Wow, congrats pman. Those look amazingly good! 

WTG radar! 


:ms NCRM


----------



## DonJefe (Dec 1, 2003)

Very nice Radar! You deserve everything you get Rollito!


----------



## miketafc (Dec 7, 2003)

Jeff said:


> radar is one heck of a LLG and BOTL. He is loaded with all sorts of cigar knowledge and insights into the world of stogies.


He is also one sneaky guy and very generous.

Enjoy Pinoyman Nice work Radar


----------



## CIGma_Chi (Jan 26, 2005)

That's a great haul! Congrats, pare ko! Nice job radar!


----------



## KingMeatyHand (Mar 21, 2004)

Lets' just hope that he stops inhaling every drag from the 5+ cigars he pulls a day and most importantly never, ever gets fired. :gn 

radar is one generous and genuine guy.

Enjoy pinoyman!


----------



## Da Klugs (Jan 8, 2005)

Nice hit on a great new BOTL. 

Just don't try and get into a pissing contest with Radar.

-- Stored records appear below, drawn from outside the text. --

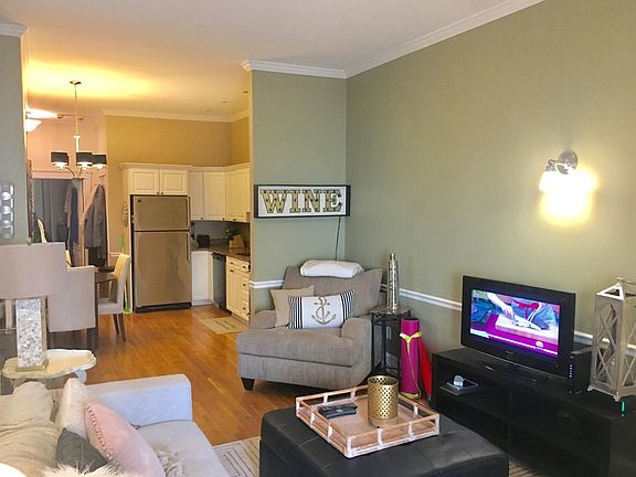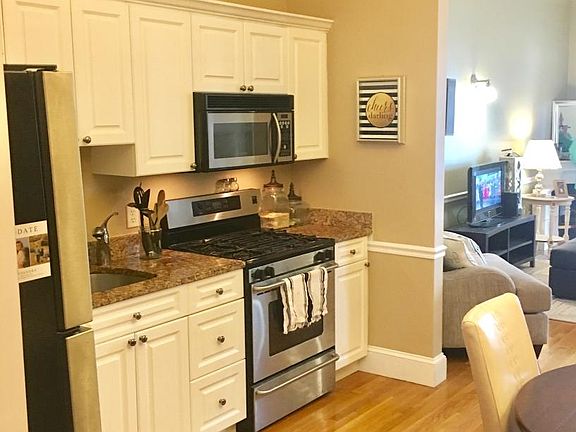 Rental Available Sept 15 (or sooner), Open floor plan in a quiet condo building. Kitchen with Stainless steel appliances and granite counters, hardwood floors throughout, living room with fireplace, slider to rear deck and private patio. 1 Car off street parking included, storage in basement, Wall unit A/C. Close to Broadway T (0.7 mile) 1 Year lease 1st, Last and security deposits No pets, no smoking Credit check and references required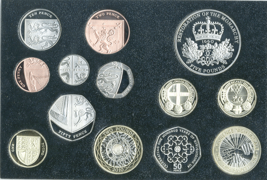 The 2010 Royal Mint proof set There are Three new commemorative coins as well a new series of £1 coin reverse designs of which TWO are included in the set. Commemorative Coins: £5.00 - The Restoration of the Monarchy (350th Anniversary - [1660]) £2.00 - Florence Nightingale - 1820 - 1910 (150 years of nursing care - [1860]) 50 pence - The Girl Guides - 1910 - 2010 (100 years)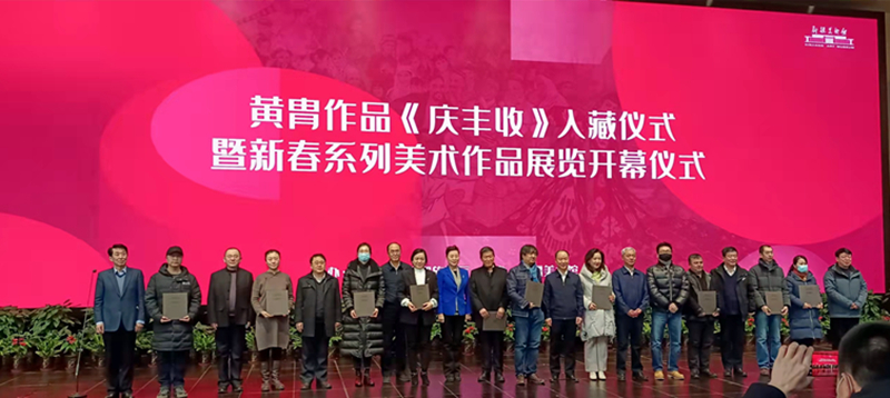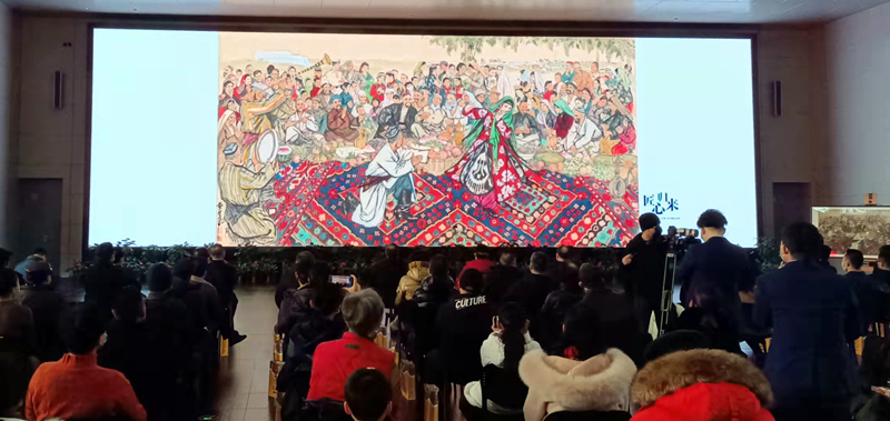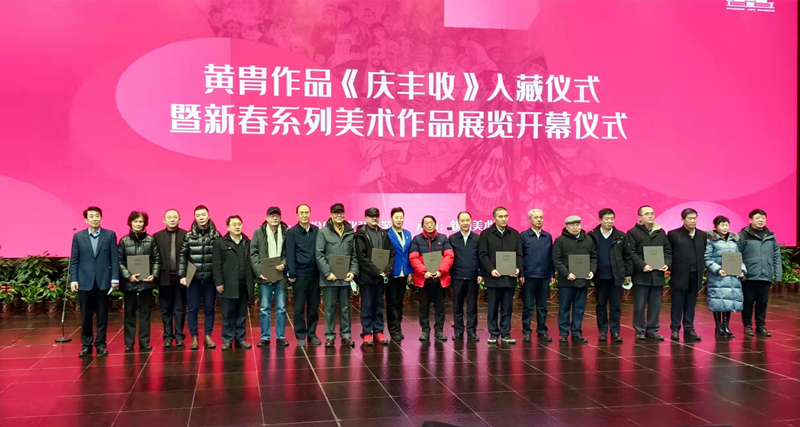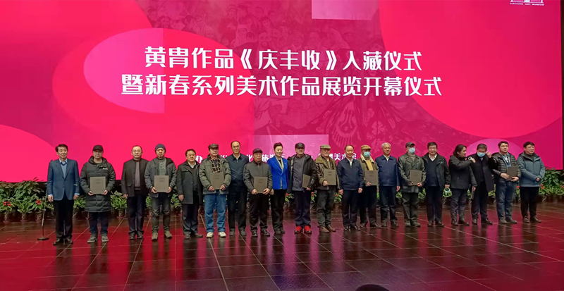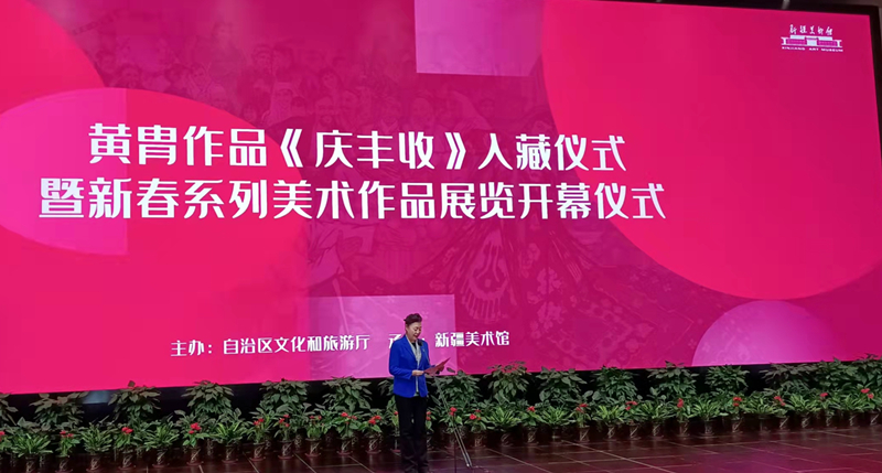 1月27日上午,由新疆維吾爾自治區文化和旅遊廳主辦,新疆美術館、新疆文化館承辦的黃胄畫作《慶豐收》入藏暨新春系列展覽在新疆美術館拉開序幕。

Humorous but a large cranium on that BOTL.


----------



## hollywood (Feb 15, 2005)

What a great hit! WTG Radar, and congrats to you Rollito!! Beware of falling stogies!!!


----------



## icehog3 (Feb 20, 2005)

Rollito, enjoy those stogies....that Davidoff looks especially interesting...

radar....SALUD!!


----------



## txmatt (May 22, 2004)

I bow to your superior firepower Radar! I like throwing together powerful bombs with non-cuban cigars but I certainly haven't assembled such a great assortment. That looks like you spent a while assembling it, sort of like the tracks on a good mix tape. The Davidoff Culebra is a great centerpiece for the collection there.

That said Pinoyman you totally deserve it. If someone else hadn't of done it first I was thinking of giving you some of the treatment I dished out on brother eef! I now know someone who has your address.. Muahahaha!

Salud!
-Matt-


----------



## pinoyman (Jan 28, 2005)

With all this bombing in cayman, all my neighbors hates me now!!!


----------



## DsrtDog (Jan 25, 2005)

Wow!!!Top Notch Radar...Pinoyman, pull up a nice stretch of beach and enjoy those smokes


----------



## eef (Jan 17, 2005)

wow!!! that's got to feel good!!! radar is the man.
-eef


----------



## radar (Dec 31, 1999)

Glad to do it, Rollito is a great guy. Most of the sticks are everyday smokes, but, I knew he'd inquired about the Torano's, and a few others. I thought it might let him know some of the sticks we talk about here. But, as I told him, I think he'll find that the tobacco I sent him lacks the depth and complexity of Cuban tobacco. I smoke a lot (and I mean a lot) of Non-Cubans, I do 4 or 5 smokes every day, and can't afford that many Cubans. But, I also like the variety of flavors that's available from the other tobacco growing countries, so even if I could afford a strict Cuban diet, I would still smoke a lot of NC's.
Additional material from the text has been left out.